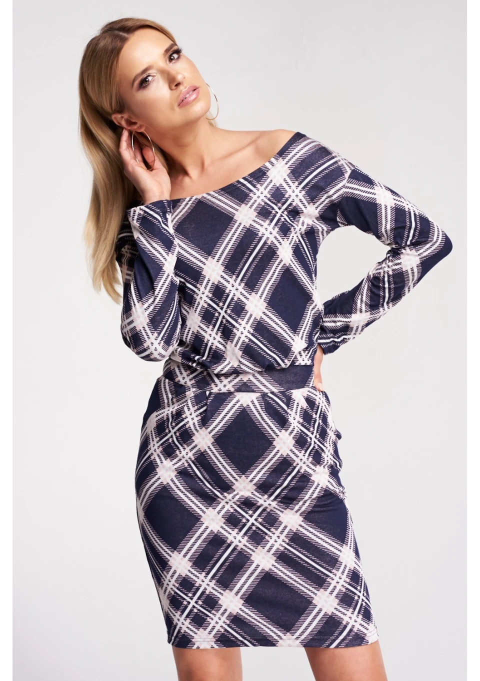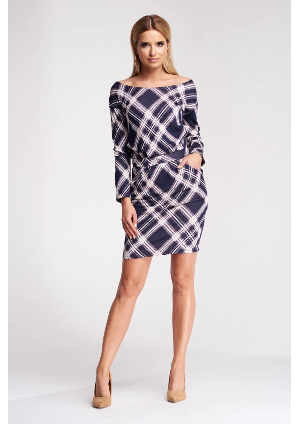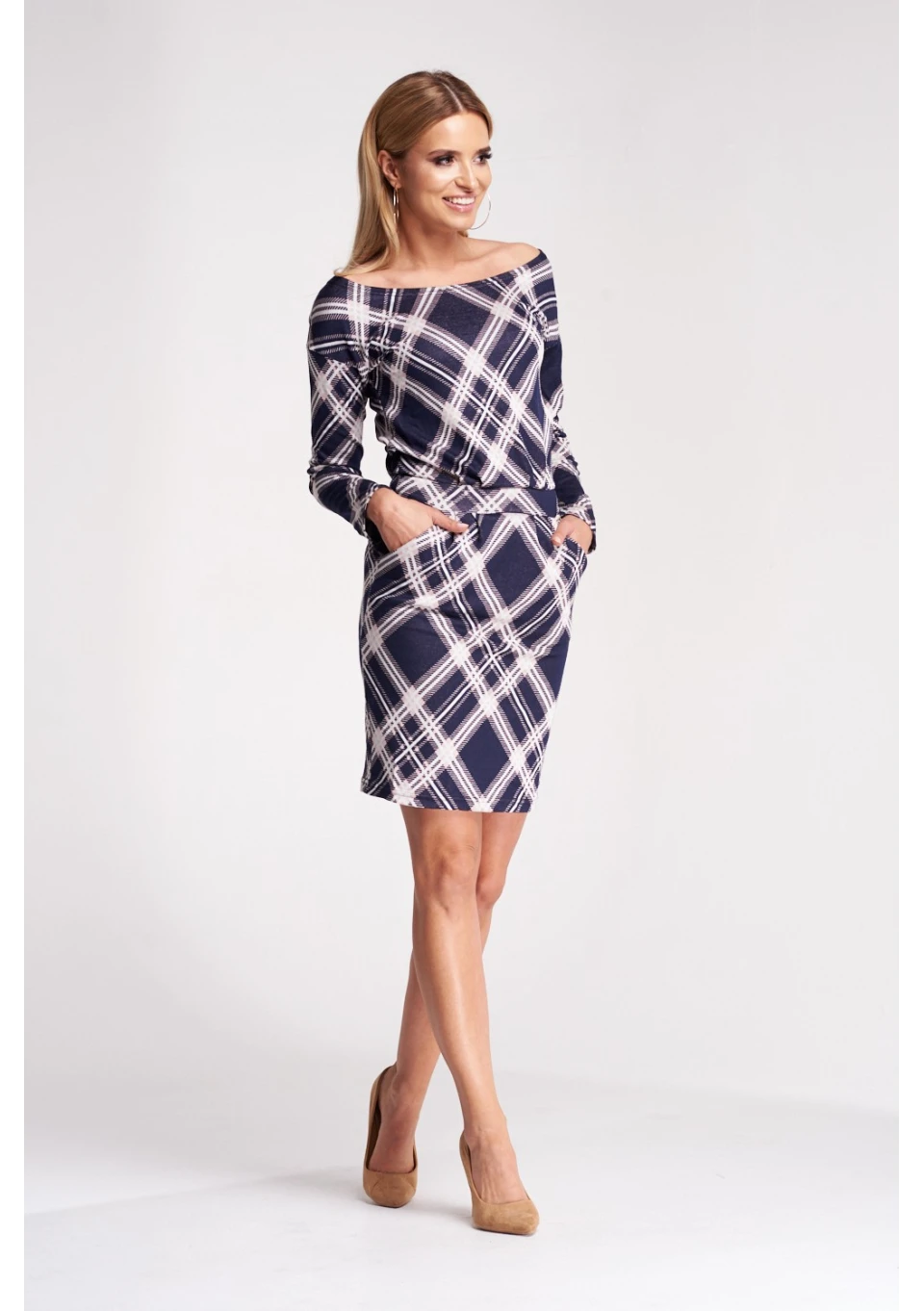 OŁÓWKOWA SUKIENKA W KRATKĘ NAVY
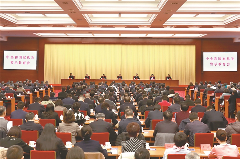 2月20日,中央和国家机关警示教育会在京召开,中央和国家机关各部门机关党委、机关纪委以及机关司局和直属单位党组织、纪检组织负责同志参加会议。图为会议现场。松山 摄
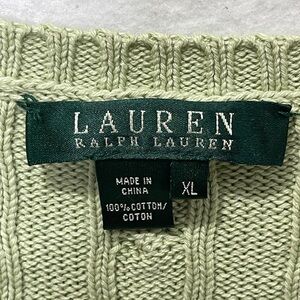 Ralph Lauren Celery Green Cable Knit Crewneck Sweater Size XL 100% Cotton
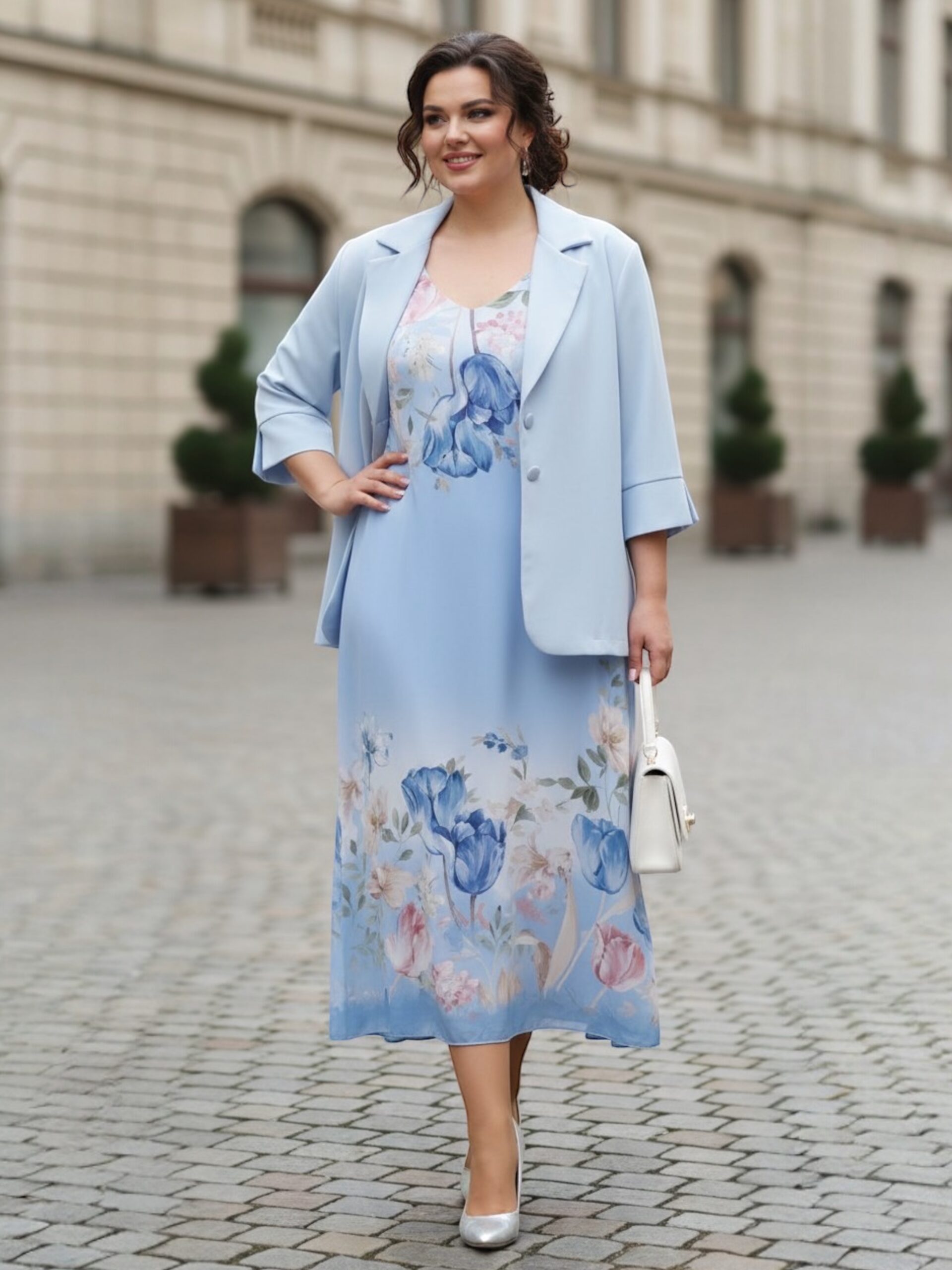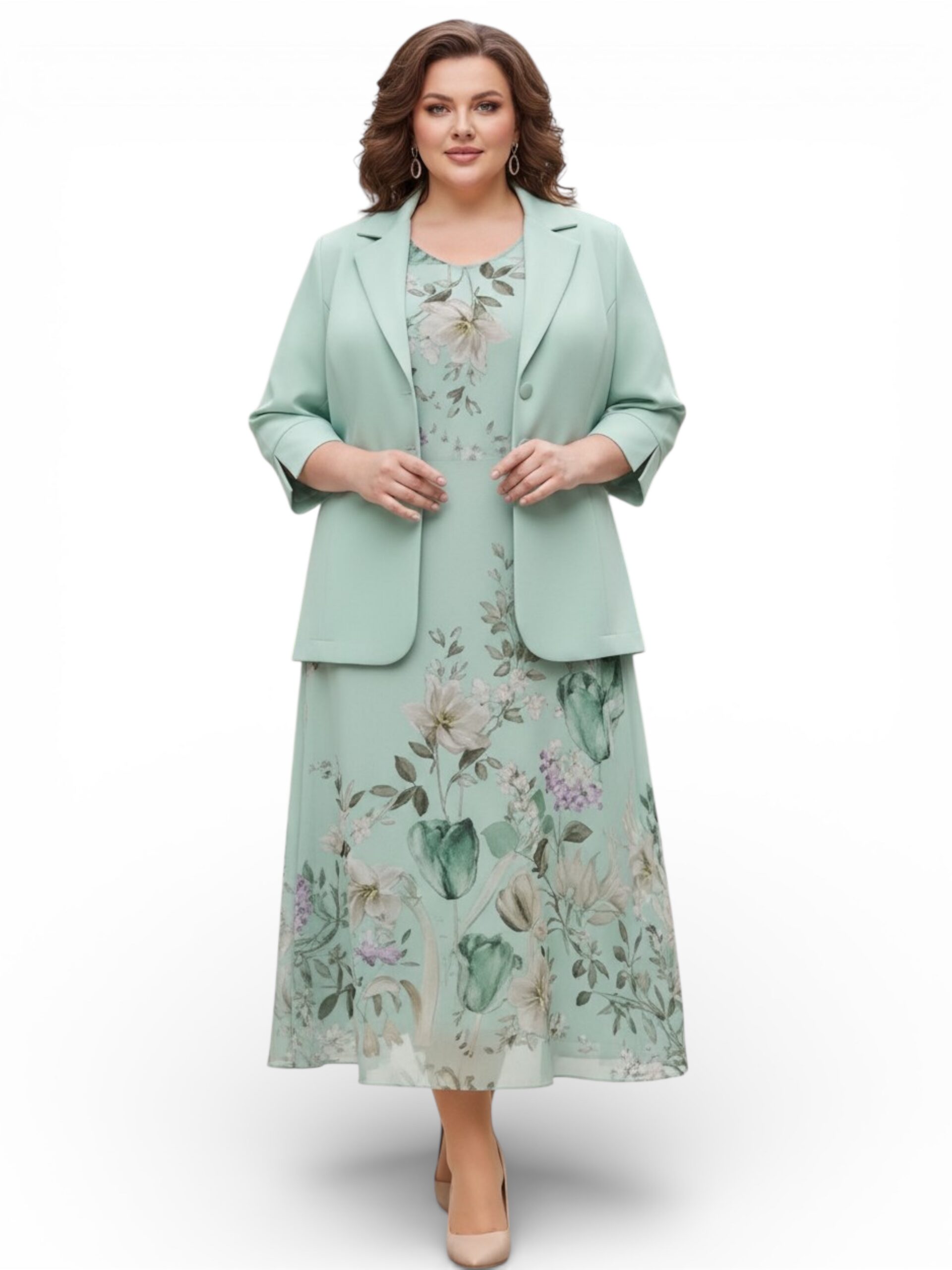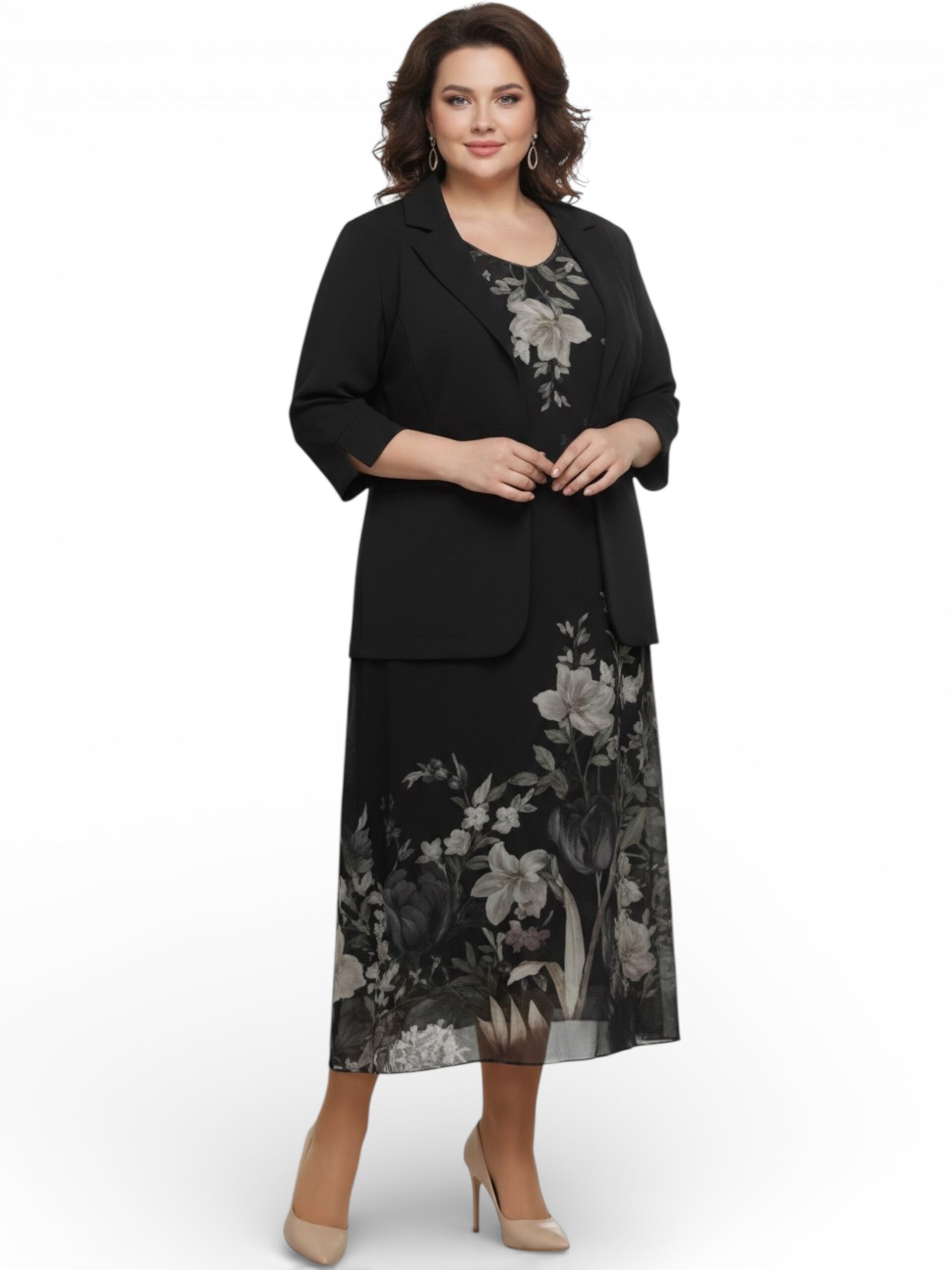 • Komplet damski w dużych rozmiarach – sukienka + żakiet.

> _EXERCISE OBJECTIVE_
Each line of the listing must be restated word for word, and the pictures left out.

> _REPLY TO THE TASK_
 OŁÓWKOWA SUKIENKA W KRATKĘ NAVY
 2月20日,中央和国家机关警示教育会在京召开,中央和国家机关各部门机关党委、机关纪委以及机关司局和直属单位党组织、纪检组织负责同志参加会议。图为会议现场。松山 摄
 Ralph Lauren Celery Green Cable Knit Crewneck Sweater Size XL 100% Cotton
 • Komplet damski w dużych rozmiarach – sukienka + żakiet.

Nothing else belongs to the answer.